Para o especialista, a discussão sobre uma nova reforma é tema já para o próximo governo. Ao contrário de cálculos que circularam no fim de 2022 afirmando que a atual reforma havia superado as expectativas, economizando quase 80% a mais do que o previsto inicialmente, ele estima que o desempenho das novas regras não apenas ficou em linha com o esperado, mas está sendo corroído pelo que chama de “contrarreformas” como a mudança das regras de aposentadoria especial. A isso, se acrescentam novos fatores, como a retomada da política de valorização do salário mínimo e brechas como a que permitiram o chamado “milagre da contribuição única”. Esta última possibilidade foi efetivamente encerrada pelo Supremo Tribunal Federal no ano passado. Ainda assim, deve gerar uma despesa de R$ 31,5 bilhões para o INSS ao longo da vida dos beneficiados.

Além do envelhecimento mais rápido, será a chance de recolocar em pauta problemas que não foram atacados pela reforma de 2019 ou que acabaram se perdendo durante a tramitação no Congresso, diz.

“Temos um problema demográfico. O MEI agrava isso com problema de financiamento”

Um dos pontos é a inserção do Microempreendedor Individual (MEI) dentro do RGPS. De acordo com outro estudo de sua autoria, publicado ano passado, os trabalhadores MEI já são 10% dos contribuintes, mas apenas 1% da arrecadação. Isto ocorre pelo baixo valor da contribuição: 5% do salário mínimo, contra até 34% do salário do empregado com carteira assinada (entre 7,5% e 14% do trabalhador e 20% de seu contratante).

Dessa forma, a projeção é que, em 40 anos, a arrecadação com esse grupo chegue a R$ 55,4 bilhões, e as despesas, a R$ 784,2 bilhões – um déficit de R$ 728,8 bilhões.

“Ou seja, já temos um problema demográfico. O MEI agrava isso com um problema de financiamento”, resume Costanzi.

Outro foco da próxima reforma deve ser a aposentadoria rural, defende o economista. O déficit atual já supera os R$ 150 bilhões por ano e, de forma semelhante ao que ocorre com o MEI, o setor rural corresponde por 1,7% da receita e 20,5% da despesa do RGPS.

Embora volume de novos aposentados rurais venha crescendo em ritmo cada vez menor, o estoque não tem caído, nota. “A própria mudança pela qual o campo tem passado, em que cada vez se ocupa menos gente, mas com mais qualificação, deveria ser um ponto de partida para discutir esse regime.
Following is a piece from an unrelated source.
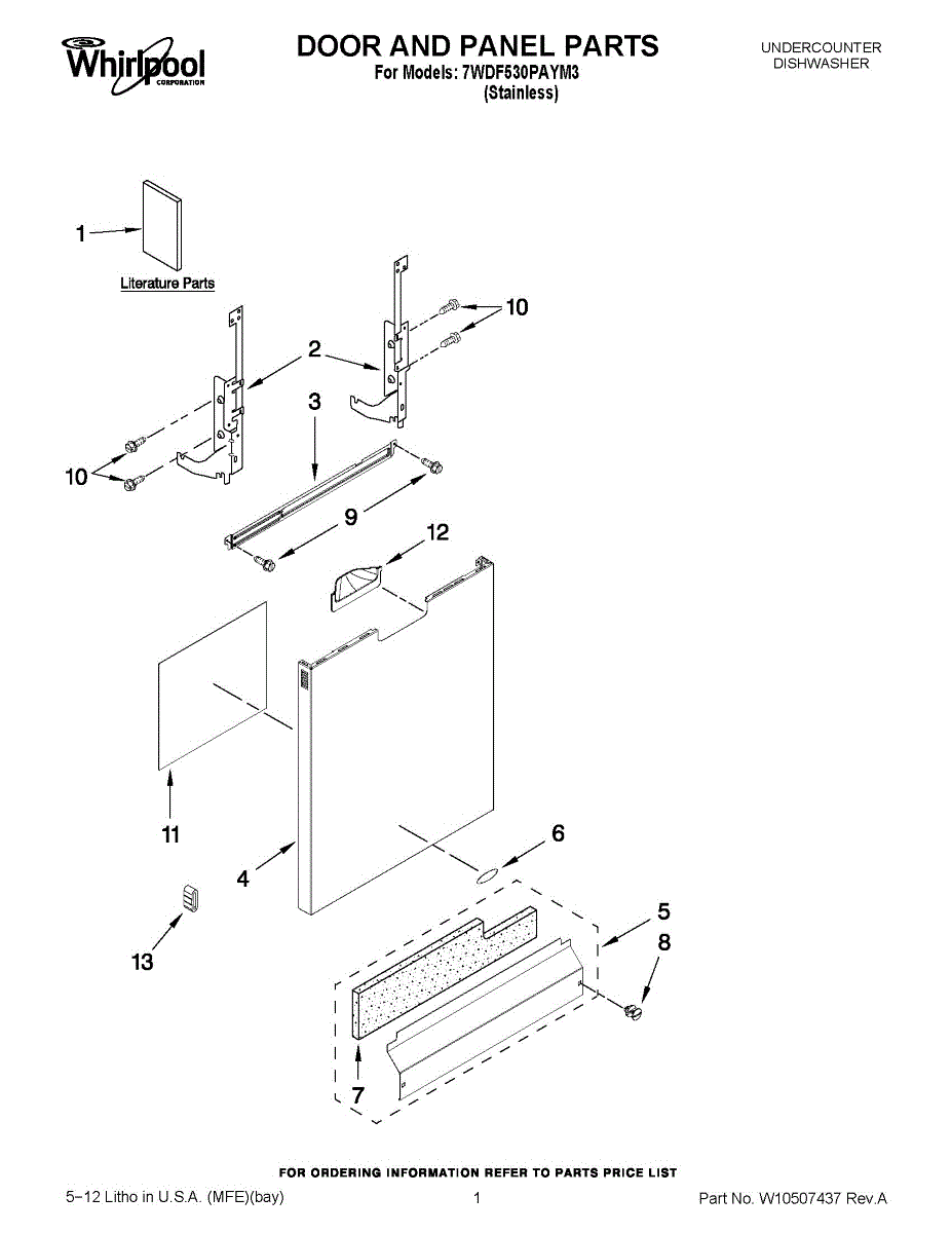 Left-hand door hinge pivots your dishwasher door for smooth opening and tight closure. Replace when door sags, rubs, or won't seal properly. Verify fit.

Algumas pesquisas mostram que a expectativa de sobrevida na área rural chega a ser maior que a da área urbana em determinadas regiões”, diz.

Entre as mudanças que podem ser discutidas, lembra que a aposentadoria rural tem diferenças em relação à urbana, como tempo de contribuição e idade mínima – que se manteve em 55 anos para mulheres e 60 para homens. Na urbana, passou a 65 e 62 anos.

Alguns pontos da reforma de 2019 que acabaram caindo durante a negociação no Congresso também deveriam ser retomados, lembra. Entre eles, a inclusão de servidores estaduais e municipais dentro das regras gerais e a inclusão de medidas de ajuste automático à evolução demográfica.

Um levantamento junto à OCDE mostrou que 24 países já adotam algum tipo de mecanismo do tipo, como o ajuste da idade de aposentadoria ou do valor do benefício, condicionado à expectativa de vida.